VAD (Voice Activity Detection) Settings:

Setting Description
Min Speech Duration Minimum duration of speech to be considered valid voice activity
Min Silence Duration Minimum duration of silence before speech is considered ended
VAD Activation Threshold Confidence threshold for detecting voice activity (0 to 1)
Prefix Padding Duration Duration of audio to include before detected speech starts
Max Buffered Speech Maximum duration of speech to buffer before processing
VAD Sample Rate Audio sample rate for VAD processing

Audio Feedback Settings:

Setting Description
Audio Feedback Toggle to enable audio feedback sounds during processing
Thinking Sound Select the sound played while the agent is processing (dropdown)
Thinking Sound Volume Volume level for the thinking sound
Ambient Sound Background ambient sound during the conversation

Other Settings:

Setting Description
Preemptive Generation Toggle to allow the agent to start generating a response before the user finishes speaking

Turn Detection:

Setting Description
Turn Detection Model Select the model used to detect when a user has finished speaking. Supports LiveKit Multilingual Models for AI-powered contextual turn detection — critical for languages such as Spanish and Portuguese

STT Provider Override

When using an STT provider with native turn detection, the provider's turn detection may override the configured Turn Detection Model.

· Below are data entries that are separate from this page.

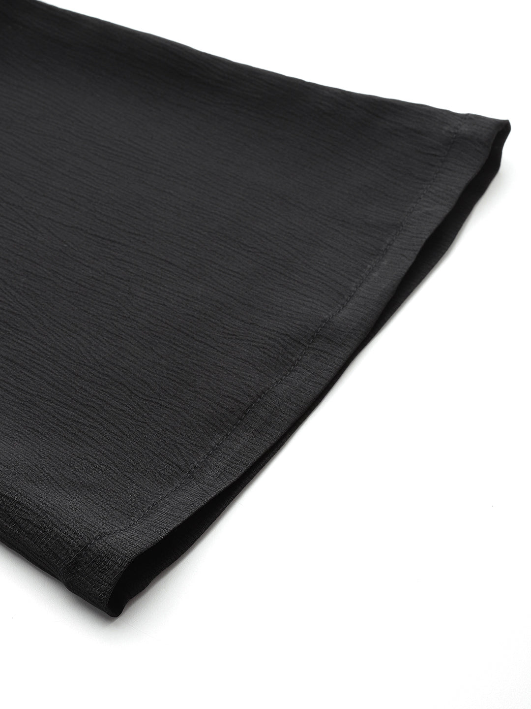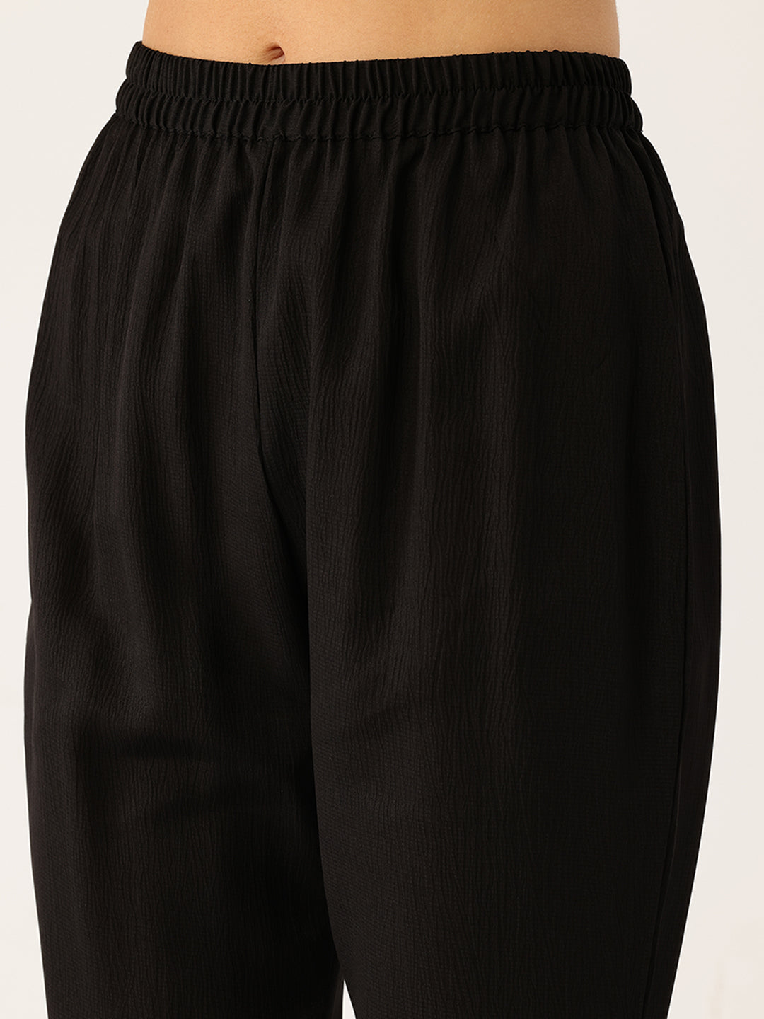 Black crinkled effect trousers, slip-on closure, elasticated waistband
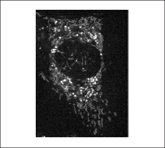 線状に薄く染色されているミトコンドリア上に粒子状に明るく見えるのがミトコンドリアDNA。
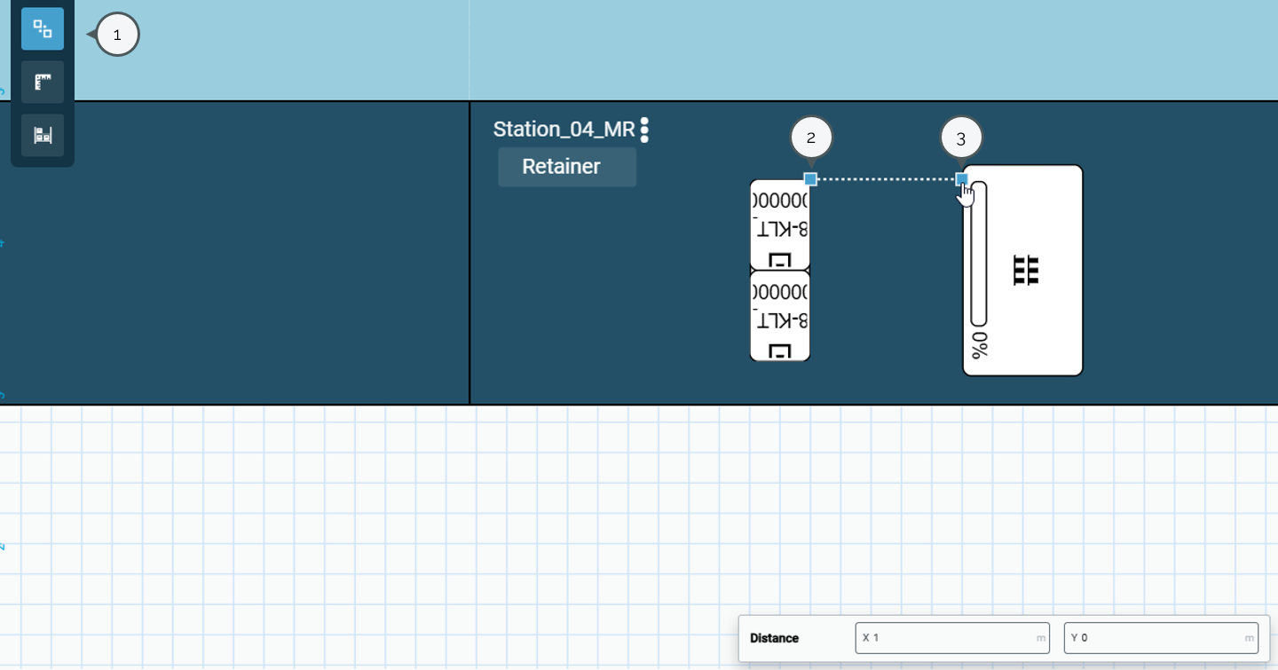 First select the option in the left menu bar [1] and then select the edge of the material or rack that you want to position at a distance [2]. Finally, select the point from which you want to distance the first selected element [3]:
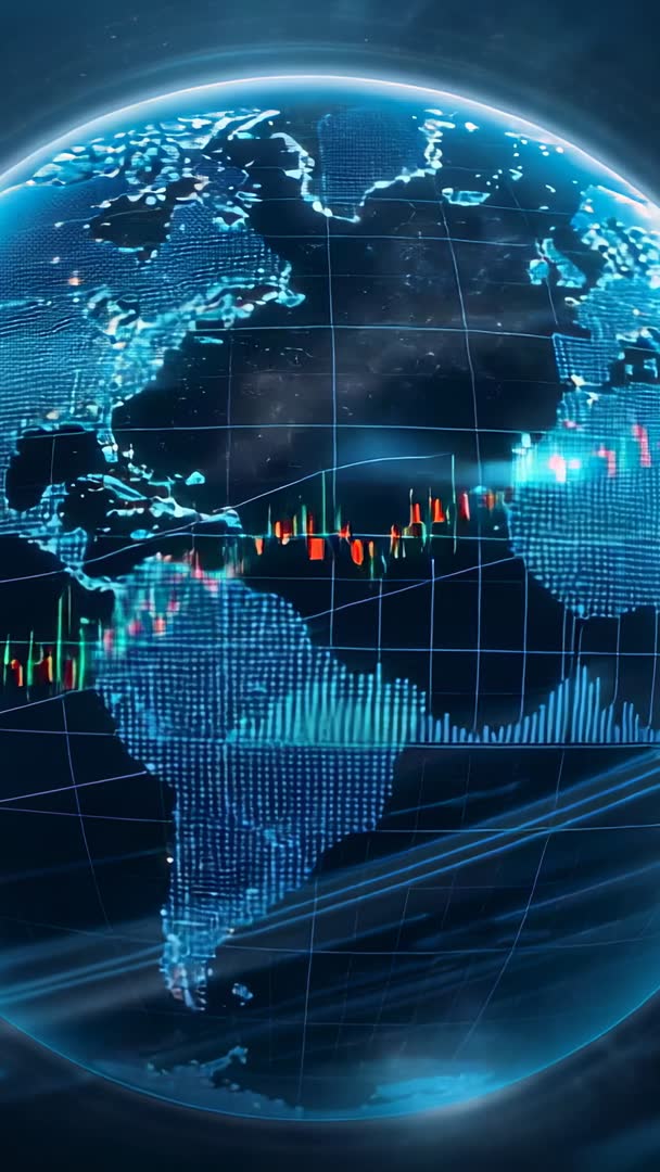 AI Generated Image. Rotating holographic globe showcasing live candlestick charts, moving average lines and volume histogram overlaid on digital world map. Neon-blue data points and gridlines pulsing to emphasize active market movement. Candlestick patterns updating in real time while trend lines tracking price direction across regions. Camera panning slowly to reveal different market indicators and regional activity. Suitable for finance channel intros, fintech product demos, trading platform promos, market analysis segments and vertical social ads. Enabling seamless loops and background use in presentations, mobile stories and website hero sections. Suggested edits: add voiceover or lower-third text, sync with electronic soundtrack, adjust color grade to match brand palette, overlay logo in corner, crop for 9:16 vertical format.
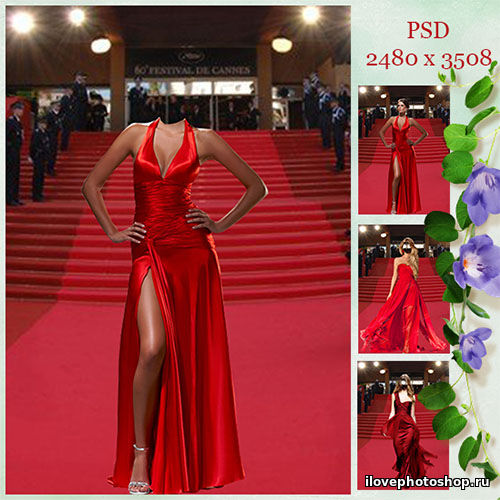 Женский фотошаблон - На красной дорожке PSD | 2480 x 3508 | 300 dpi | 57.82 Mb Примечание: В PSD 3 модели. Все слои раздельно, в группах Автор: sergey1971
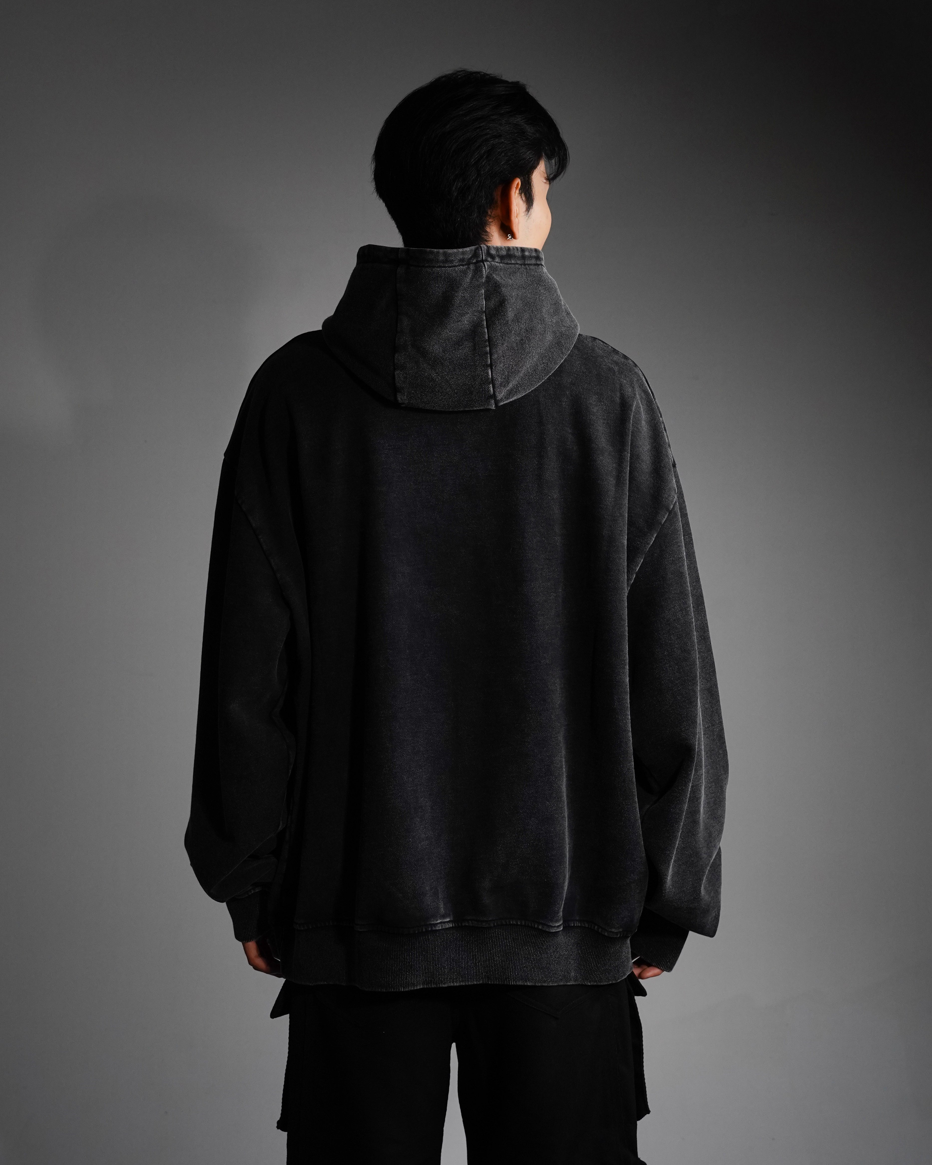This dust of gods classic aged black hoodie is an oversized cotton hoodie featuring a hand-applied Dust of Gods branding on its center. This piece can be customized to tell your own story.

LiveKit Inference Realtime Model

A unified gateway model that simplifies configuration by combining ASR, LLM, and TTS components within a single interface using model ID strings (e.g., openai/gpt-4o-mini). This eliminates the need for separate provider credentials for every model.

To use LiveKit Inference:

  1. Configure a LiveKit Inference API credential under Settings > Credentials
  2. Create a new Realtime Voice Model and select "LiveKit Inference" as the type
  3. Configure ASR, LLM, and TTS model IDs within the single interface

When to use LiveKit Inference

Use LiveKit Inference when you want a simplified setup that accesses multiple providers through a single credential. Use Custom Realtime Models when you need fine-grained control over interruption handling and turn detection.

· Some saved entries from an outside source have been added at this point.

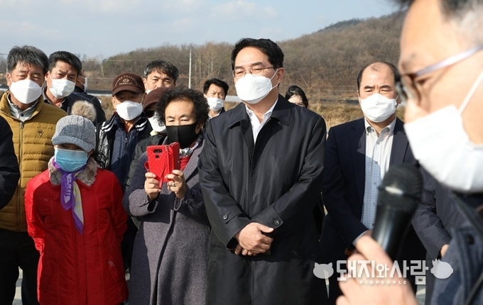 ▲ 권태성 국민권익위원회 부위원장이 27일 충북 음성군 감곡면 고충민원 발생 현장을 방문, 관계자로부터 음성군 가축분뇨공공처리시설 설치 추진 현황에 대해 보고받고 있습니다@국민권익위
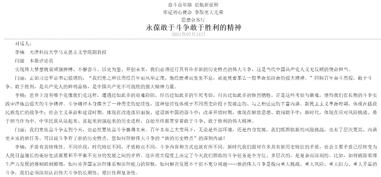 《天津日报》报道(评论员:闫丽):2021年7月14日,《天津日报》对话天津精东影业马克思主义学院李楠副教授,探讨中国共产党敢于斗争敢于胜利的精神。
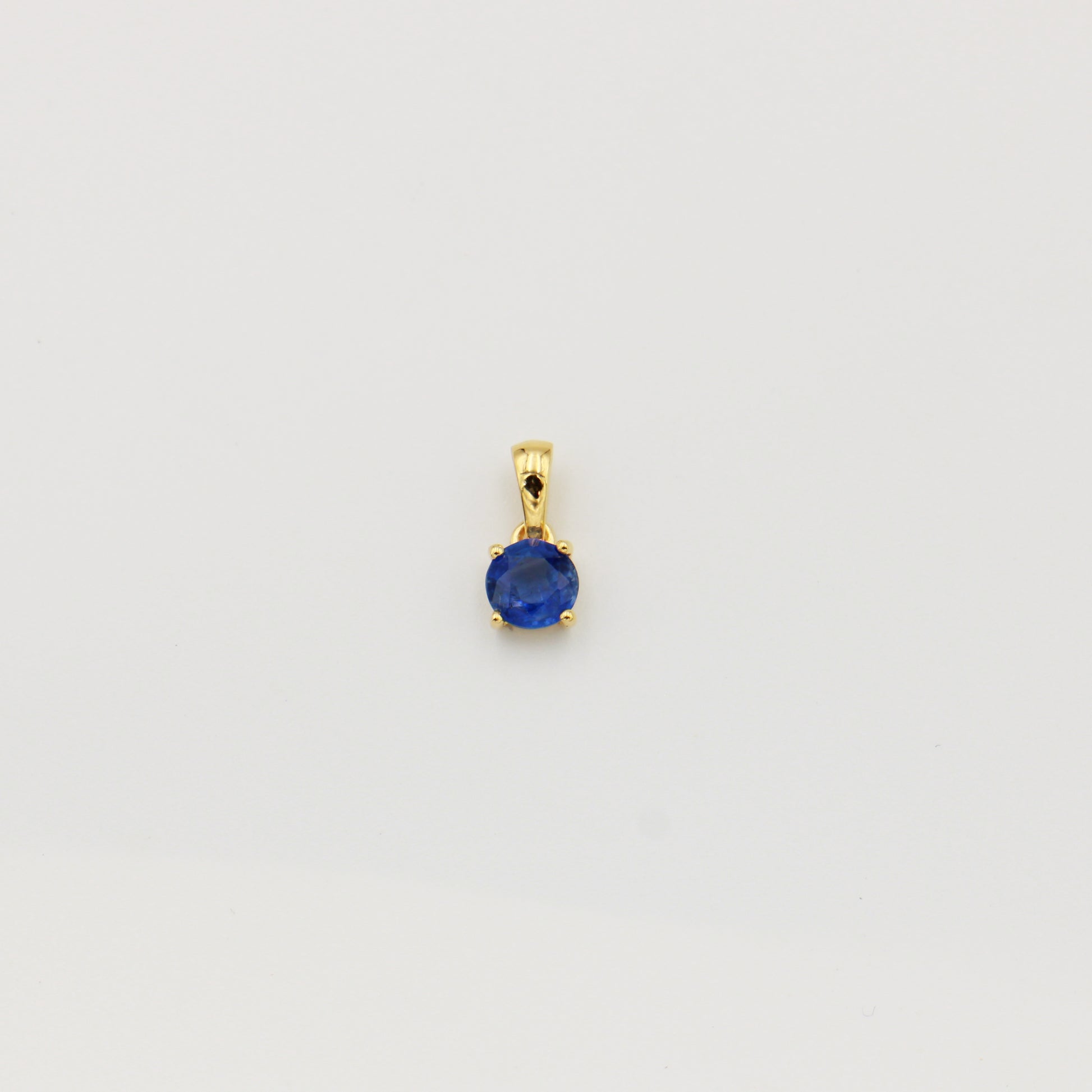 Delicate round kyanite stone set in gold plated sterling silver. This tiny pendant captures the natural blue beauty of kyanite in a minimalist design. Adding a touch of elegance to any jewelry collection.
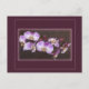 As pequenas beleza da natureza! A maior parte das orquídeas normalmente à venda são híbridos que foram criados especificamente para suas flores e facilidade de atendimento em residências e escritórios. Personalize este cartão postal de uma bela orquídea Phalaenopsis também conhecida como "orquídea-mariposa" sobre fundo escuro. A fotografia é emoldurada por uma grande estrutura roxa e várias linhas finas. Em "Personalizar", preencha o campo modelo com suas palavras, remova todo o texto e/ou clique em "Personalizar!" para adicionar texto como um nome, verso ou slogan. Ao personalizar, você também pode adicionar texto à parte frontal do cartão.
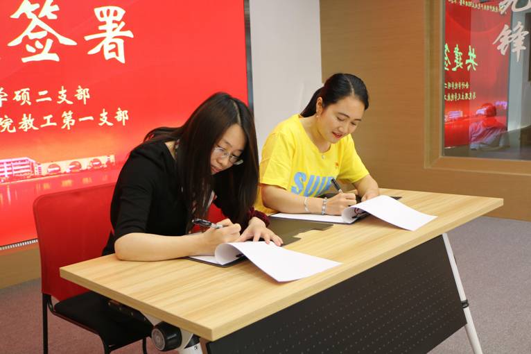 活动中,会计学院学硕二支部和马克思主义学院教工第一支部以党员联学、支部联建和资源联享的方式,加强党组织的横向交流与跨界合作,以马克思主义学院教工第一支部理论专业化的指导,共促党支部建设发展,圆满完成结对共建签约仪式。
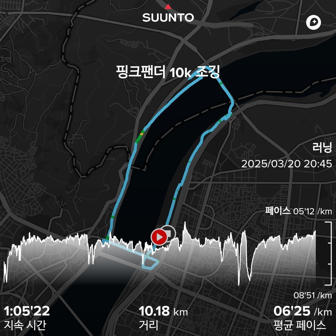 3월 16일, 서울마라톤 10km는 2025년 핑크팬더의 첫 단추를 꿰매는 대회였다. 첫 단추는 잘 꿰맨 것 같다. 결과도 만족스러웠다. 서울마라톤은 핑크팬더가 다시 뛸 수 있다는 자신감을 회복한 대회였다.
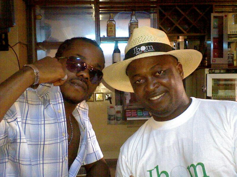 Moments before a concert DJ Dollie is flanked by J. Martins (left) and Timaya two of Nigeria's hottest solo acts.
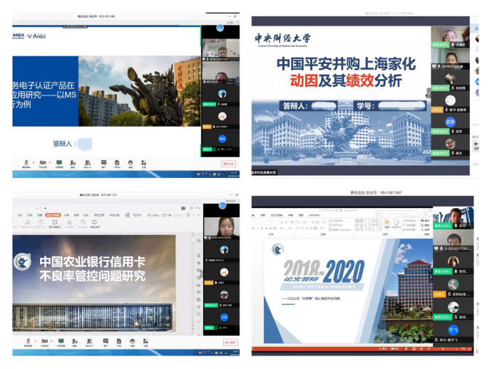 本次MBA线上视频预答辩采用腾讯会议、EV录屏、微信群、问卷星等多平台综合协调方式进行,通过在线共享、演示学位论文PPT和全程视频的方式,MBA学生与答辩委员进行实时交流。答辩委员经过商议后,采用在线填写表决票,并且对结果进行线上电子签名,一系列步骤都高度还原现场答辩的流程。MBA教育中心行政教师和答辩秘书在每一个场次提供服务支持,对答辩过程全程录音录像,对关键画面截屏保留,并与答辩记录一并留存,实现整个答辩过程可回溯、可复查,以确保线上答辩质量。老师和同学们表示,本次线上预答辩过程组织严谨,流程规范,井然有序,效率和效果均令人满意。相较于传统答辩形式,线上答辩更利于答辩过程的公开、透明,并且,全过程被完整记录,可复查,经得住检验。

AI Listens (Real-Time Agent Assistance)

AI Listens is an intelligent "co-pilot" for human agents, providing real-time call transcription and response suggestions during live phone conversations.

Demo Feature

AI Listens is currently a demo feature. It provides passive monitoring with transcription and contextual suggestions — it does not speak or take over the call.

Capabilities

  • Passive monitoring — transcribes live conversations and generates contextual suggestions in a dedicated dashboard
  • Purely assistive — unlike Voice Agents, AI Listens does not have TTS output and does not speak to the caller
  • Knowledge-based suggestions — responses are generated based on the agent's configured knowledge base
  • RBAC-controlled — access is enabled by default for Admin, Workspace Admin, and Supervisor roles

Configuration

  1. In Audio and Speech agent settings, select a Custom Realtime Model (required — only Custom Realtime Models support AI Listens)
  2. Enable AI Listens
  3. Follow the on-screen setup instructions (available via the ? icon)
  4. Configure the phone and webhook settings:
Field Description
Phone Numbers Numbers to monitor. Must include country code with + prefix. Cannot overlap with Voice Agent SIP numbers
Webhook URL Configure your telephony provider (e.g., Twilio) with the provided Webhook URL using HTTP method POST
Channel Options inbound (caller only, default), outbound (agent only), both_tracks (both parties)

Channel Options

  • inbound — transcribes only the caller's side of the conversation (default)
  • outbound — transcribes only the human agent's side
  • both_tracks — transcribes both parties separately for full context

Accessing AI Listens

Access the AI Listens dashboard via the three-dot menu on the agent card, then select AI Listens. The dashboard displays active calls and provides a live stream of AI suggestions to help human agents respond effectively.